Türkiye, 16 Nisan referandumu ile “partili cumhurbaşkanlığı” sistemini tercih etti. Erdoğan, hayalindeki “Türk tipi” başkanlık modelini tam olarak gerçekleştiremese de Cumhurbaşkanına büyük yetkiler veren bir sistemi uygulanmaya konuldu. Yeni sistemin özelliklerinden birisi de Başbakanlık gibi tarihi bir kurumun sona erecek olması.

24 Haziran seçimleri sonrasında 1924, 1961 ve 1982 Anayasalarında Bakanlar Kurulu’nun başkanı ve Cumhurbaşkanının sembolik konumuna karşılık devlet yönetiminin asıl yetkilisi ve sorumlusu olan Başbakanlık kurumu tarihe karışacak.

ATATÜRK’ÜN BAŞBAKANI İNÖNÜ

29 Ekim 1923’de Cumhurbaşkanı seçilen Atatürk, ilk Başbakan olarak atadığı İsmet İnönü’yü kısa bir dönem hariç bu makamda tuttu.

İnönü, Başbakanlığı süresince Atatürk’le uyum içinde ülkeyi yönetti. Ancak 1937’de Atatürk’ün müdahalelerinden rahatsız olunca problemler yaşandı ve azledildi. Böylece kısa bir süre Celal Bayar Başbakan oldu.

İnönü, Atatürk’ün ölümüyle Cumhurbaşkanı seçilerek “Milli Şef” olarak ülkeyi on iki yıl yönetti. Cumhurbaşkanlığı döneminde Başbakanlık görevlerine Refik Saydam, Şükrü Saraçoğlu, Recep Peker, Hasan Saka ve Şemsettin Günaltay’ı getirdiyse de hiçbiri kalıcı bir icraatıyla öne çıkmadı.

İnönü, 1950 seçimlerinde muhalefete düşen CHP’nin genel başkanı olarak 1972’ye kadar siyasete devam etti. Menderes’e karşı yıpratıcı bir muhalefet yaptı ve 27 Mayıs Darbesi’ni destekleyerek tam yirmi üç yıl sonra bir koalisyon hükümetinin başında Başbakan oldu.
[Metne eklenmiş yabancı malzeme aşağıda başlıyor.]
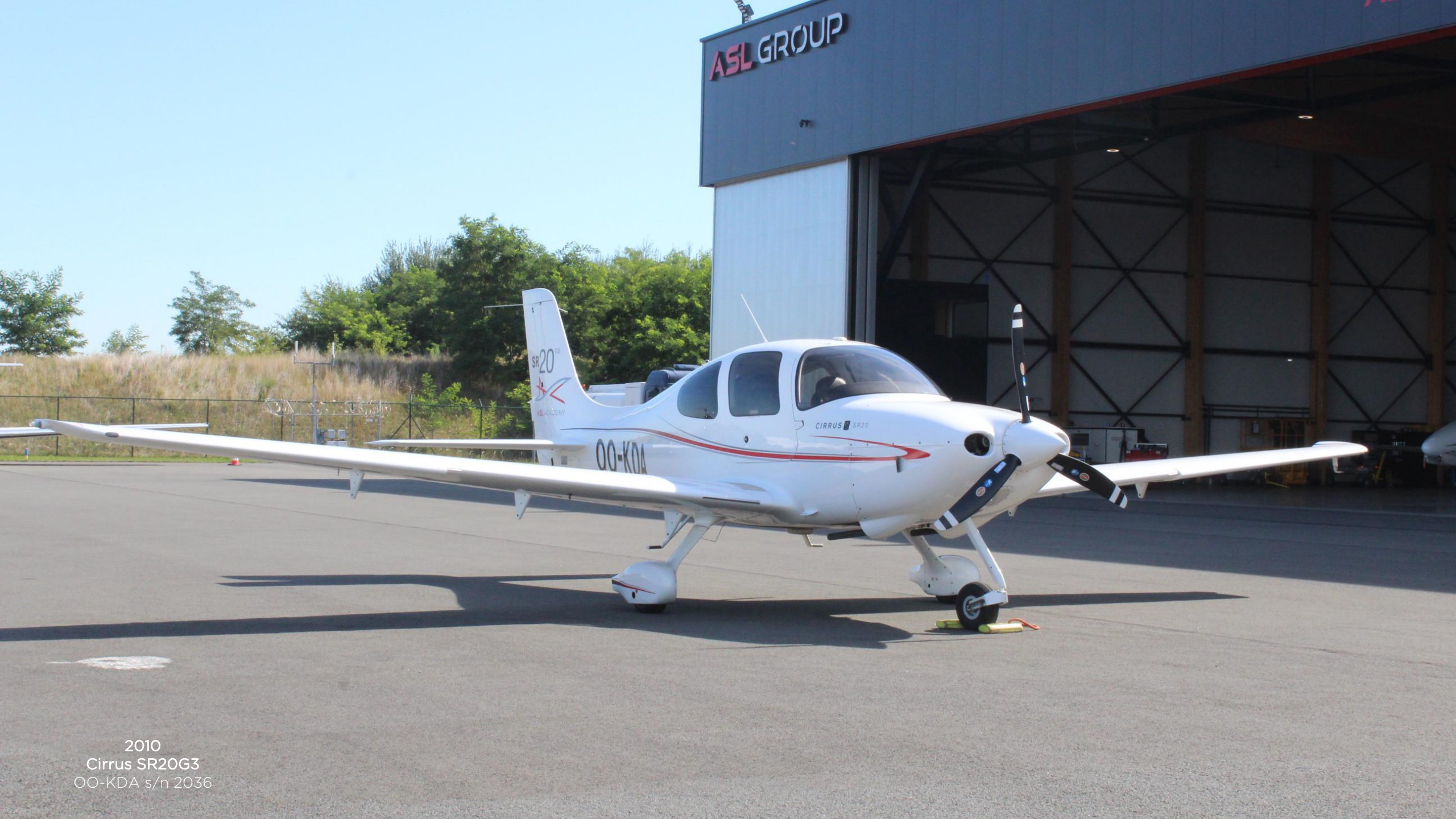
2010 Cirrus SR20G3 OO-KDA s/n 2036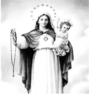
Our Lady of Mercy Pray for Us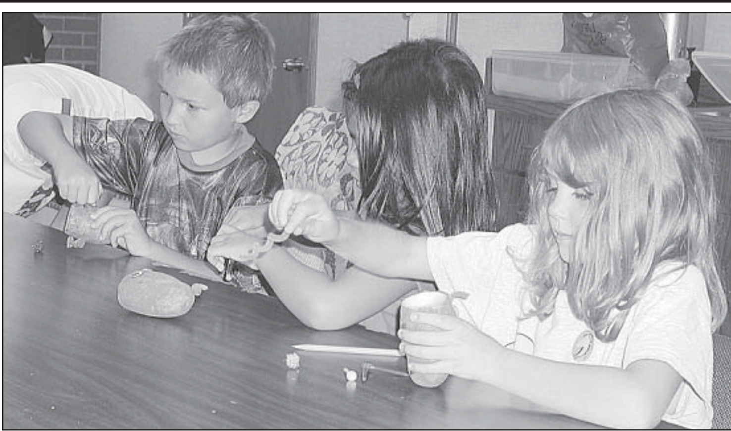
SUMMER READING PROGRAM is in full swing at the St. Francis Public Library. The program offers a lot for the kids to do besides just reading.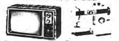
71 17" G.E. Color TV

Take your choice when your friend (the depositor) deposits $25,000 or more for 12 months: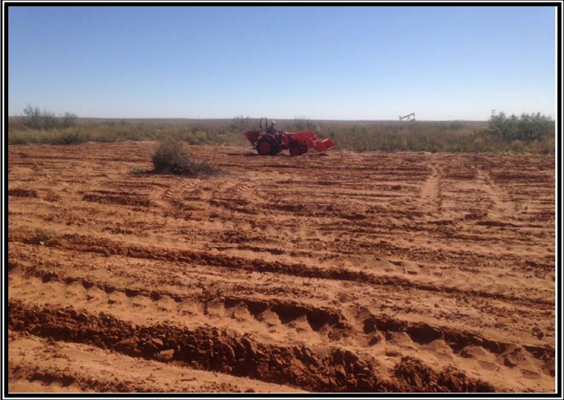
Seeding site after backfill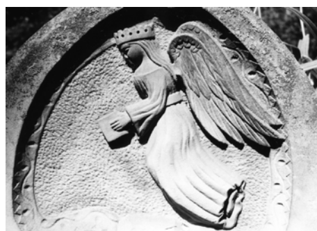
Two examples of angel sculptures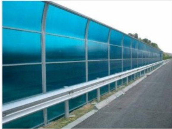
PC sheets supplier

PC sun board sheets are widely used in outdoor building lighting projects, such as: sports venues, stations, airports, shopping malls building lighting projects; corridor aisle roof, shelter, awning, parking, agricultural greenhouses, ecological restaurants; Advertising light boxes, highway noise barriers, indoor and outdoor decoration and other fields.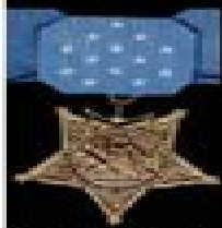
Medal of Honor Navy, Marine, Coast Guard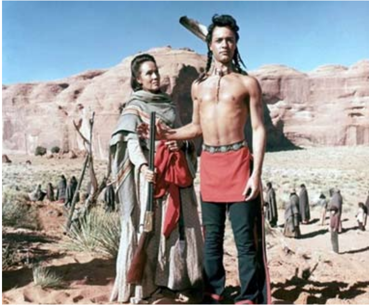
Dolores del Rio & Sal Mineo

and Ford was not getting the performance that he wanted from one of his stars. It was the climactic scene of the movie---Ricardo Montalban and Sal Mineo fight to the death for a woman they both love and when the smoke clears, Mineo lies dead. Dolores Del Rio, portraying Mineo's mother, falls to her knees and is supposed to weep uncontrollably for her fallen son. But for the camera, the tears would just not flow the way Ford expected them to. Take after take was shot, but Ford was dissatisfied with each one. He was determined to get it right, even if he had to stay there all day.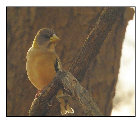
Evening Grosbeak at Potato Creek SP feeders, St. Joseph, 25 November.

Common Redpoll – High count of 26 at Indiana Dunes SP, Porter, on 14 Nov by Brad Bumgardner. 34 birds were reported along the lakefront. Rodney Strayer had 1 in Noble County on 13 Nov. 3 birds were noted in St. Joseph County.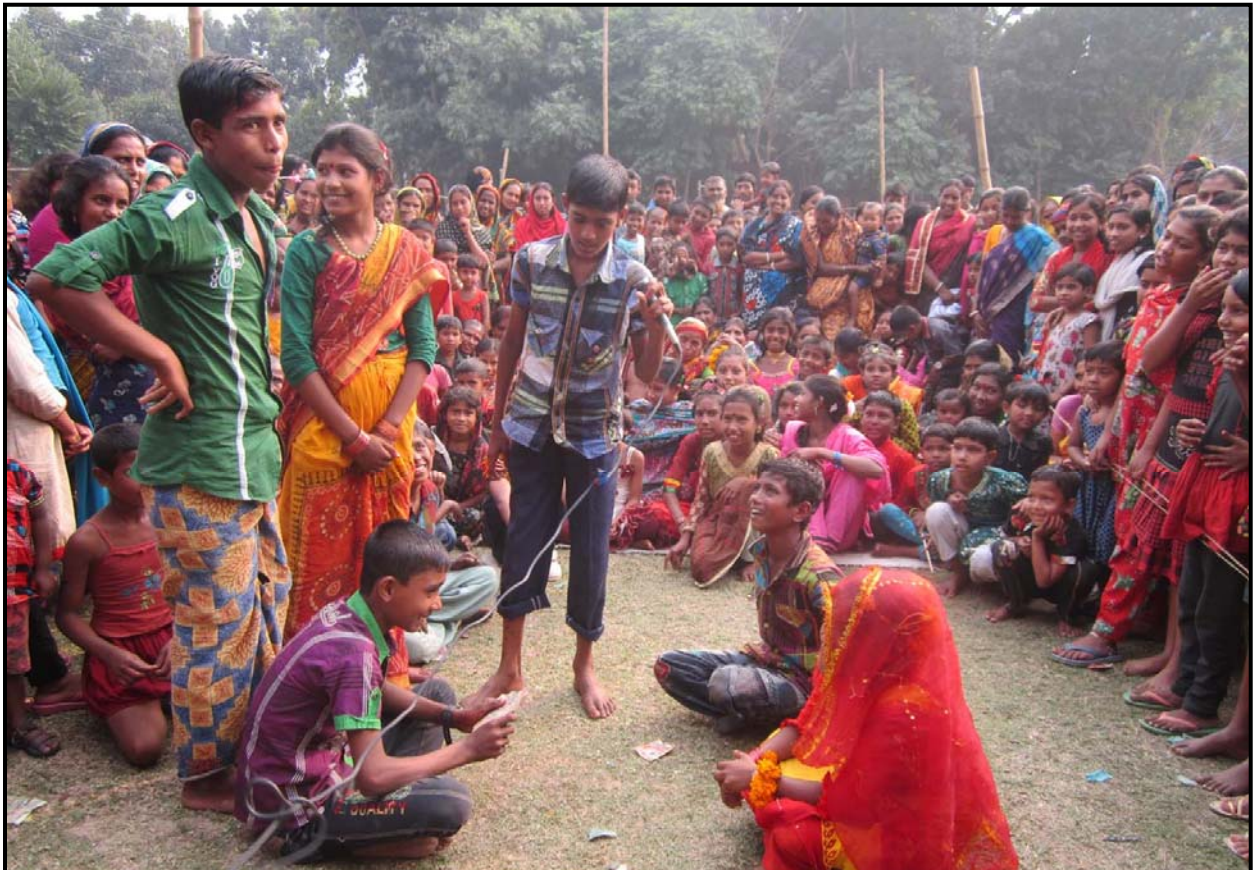
Community Festival: Children play early marriage prevention & awareness drama...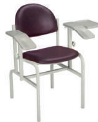
Blood Drawing Chair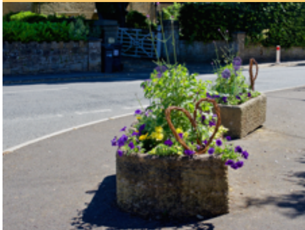
Planters by Main Street noticed board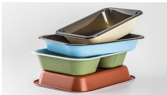
Fig. 1. Types of polymeric C-PET containers

PET packaging is one of the most popular types of packaging for various food products among manufacturers and consumers on the market. C-PET is a material with special components that ensure its heat resistance. This is a one-time durable package that competes with metal aluminum containers. Types of C-PET containers are presented in Fig. 1.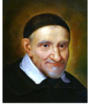
St Vincent De Paul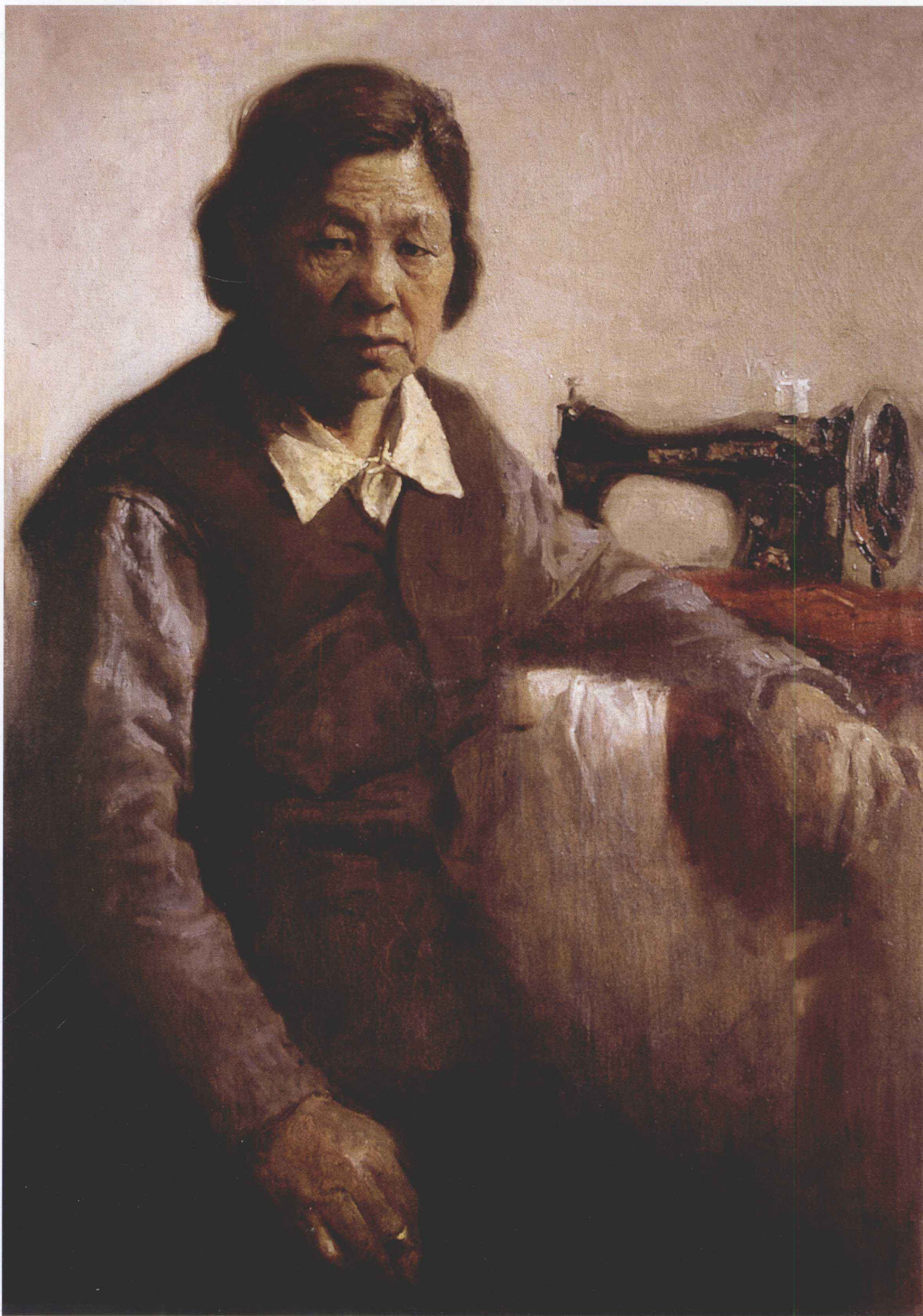
2. 母亲 油画 MY MOTHER Oil on canvas 66cm × 45cm (26" × 17 3 / 4 ") 1982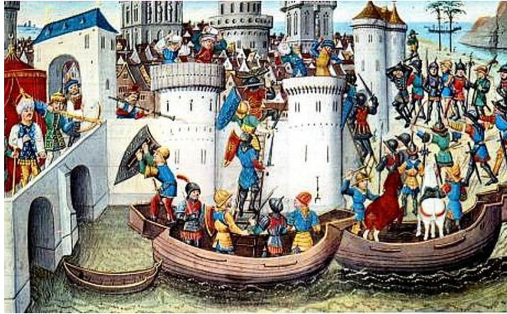
THE IVth CRUSADE

We shall give here only a few examples to argue our point: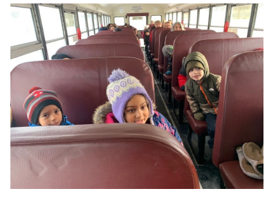
JKs first bus ride!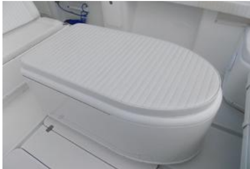
Why Knot Yellowfin 2014 39 Center Console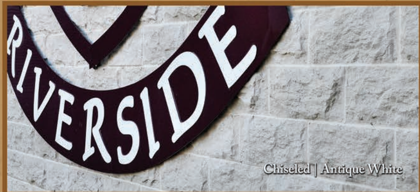
Chiseled | Antique White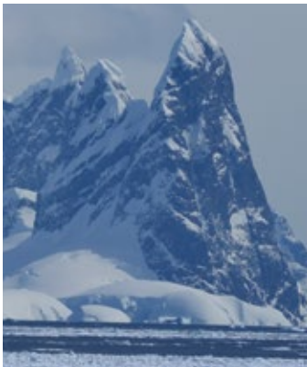
Antarctica scenery, including, far right, the view from Palmer Station with Anvers Island in the background.

The region surrounding the Western Antarctic Peninsula is experiencing some of the most rapid climate change with an increase in temperature five times the global average. With cold temperatures that last year-round, animals in this area already face an increased risk as they experience little natural variability and are ill equipped to handle a new, changing environment.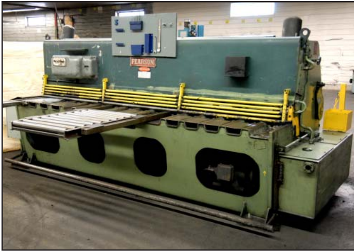
PEARSON hydraulic shear with 10' X .25"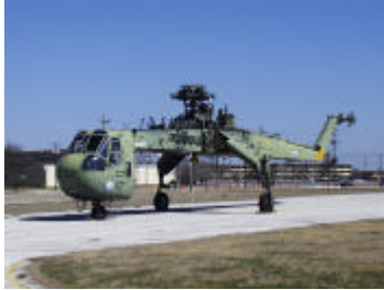
CH-54A Sikorsky Sky Crane

The landing in the nearby chapel parking lot drew large crowds of onlookers, as well as press and media coverage. The CH-54A served in Vietnam with the 487 th Heavy Lift Company that was attached to the 1st Cavalry Division. The workhorse was used throughout the 1960s to transport up to 20,000 pounds of equipment and men. The helicopter was one of the largest in the Army's inventory, standing eighteen feet tall and seventy-two feet long. The forward three-crew cockpit is joined to the tail rotor section by a narrow structural beam, which supports the main rotor. A large vacant space between houses the winch, which could carry a slung or containerized load.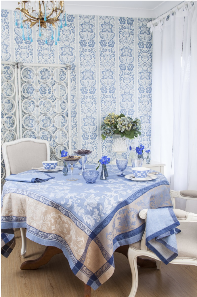
Wedgwood Blue tablecloth and napkins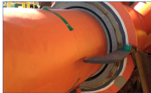
Riser inserted into housing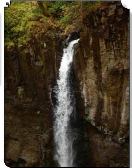
Drift Creek Falls

After pictures were taken it was time for the return hike. The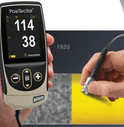
Duplex Probe measures individual layer thicknesses of zinc and paint in a duplex coating system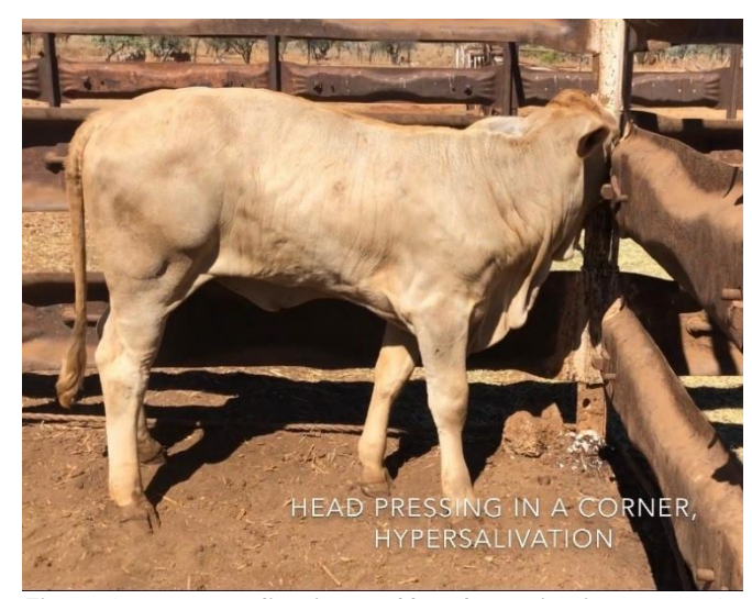
Figure 3: weaner salivating and head pressing in corner of yards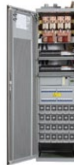
NetSure 701 Asia Pacific -48 VDC up to 154kW up to 3200A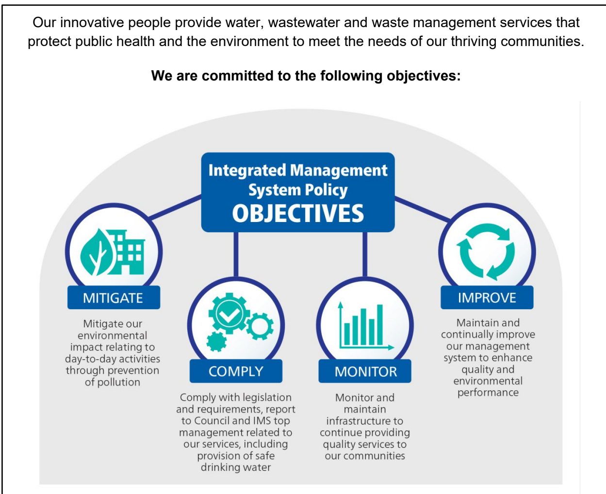
Figure 1 Integrated Management System Policy

İDAM EDİLEN BAŞBAKAN: MENDERES

DP’nin genel başkanı Bayar’ın Cumhurbaşkanı olmasıyla Adnan Menderes Başbakan oldu ve ülkenin on yılına damgasını vurdu. “Beyefendi” kişiliğiyle bilinen Menderes, özellikle köylü nüfus ve muhafazakâr kesimde büyük bir destek buldu.

Üst üste üç seçim kazanan ve 1954’de aldığı % 58 oy oranıyla tüm seçimlerin en yüksek oranına ulaşan Menderes, Cumhuriyetin askeri darbe ile uzaklaştırılan ilk Başbakanı oldu. Adil olmayan Yassıada mahkemeleri sonrasında da idam edildi.

Günümüze kadar sağ partiler, Menderes’in siyasi varisi olarak ortaya çıktılar ve onun meydanlarda ifade ettiği “Türkiye’yi küçük Amerika” yapma idealini devam ettirdiler.

ARA DÖNEM BAŞBAKANLARI

Türkiye 1960 darbesi ile “ara dönem” yönetimiyle karşılaştı. Siyasetçilere güvenmeyen askerler, bağımsızları Başbakanlık makamına getirdiler.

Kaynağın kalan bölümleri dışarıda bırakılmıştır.